Echinax similis

Scientific classification
- Kingdom: Animalia
- Phylum: Arthropoda
- Subphylum: Chelicerata
- Class: Arachnida
- Order: Araneae
- Infraorder: Araneomorphae
- Family: Corinnidae
- Genus: Echinax
- Species: E. similis
- Binomial name: Echinax similis Haddad, 2012

= Echinax similis =

- Authority: Haddad, 2012

Species of spider

Echinax similis is a species of spider in the family Corinnidae. It is endemic to KwaZulu-Natal, South Africa.

==Distribution==
Echinax similis is endemic to KwaZulu-Natal, South Africa and is known only from the type locality at Ndumo Game Reserve at an altitude of 51 m above sea level.

==Habitat and ecology==
Echinax similis was collected by canopy fogging from three broad-leaved tree species in seasonally inundated Ficus sycomorus forest in the Savanna biome.

==Description==

Echinax similis is known from both sexes.

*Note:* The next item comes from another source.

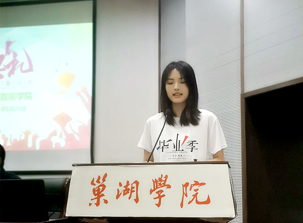 2019級軟件工程專業田姿同學代表全體畢業生發言,她回憶了四年來校園生活的點點滴滴,表達了對母校以及同學們不舍之情,她表示將秉持校訓,肩負時代責任,不負青春,做新時代奮勇前進的搏擊者。

As a member of its genus, it is a small spider that resembles Copa and Copuetta in general body shape, with heavily spined legs and cryptic coloration that resembles wolf spiders.

==Conservation==
Echinax similis is listed as Data Deficient due to its apparently restricted distribution. The species may be undersampled and is expected to occur more widely. Although the area is well sampled with standard methods, canopy fogging is still not commonly used and that may be the reason for its apparently restricted distribution. More sampling is needed to determine the species' range. There are no significant threats to the species.

==Taxonomy==
The species was described by Charles Haddad in 2012 from Ndumo Game Reserve.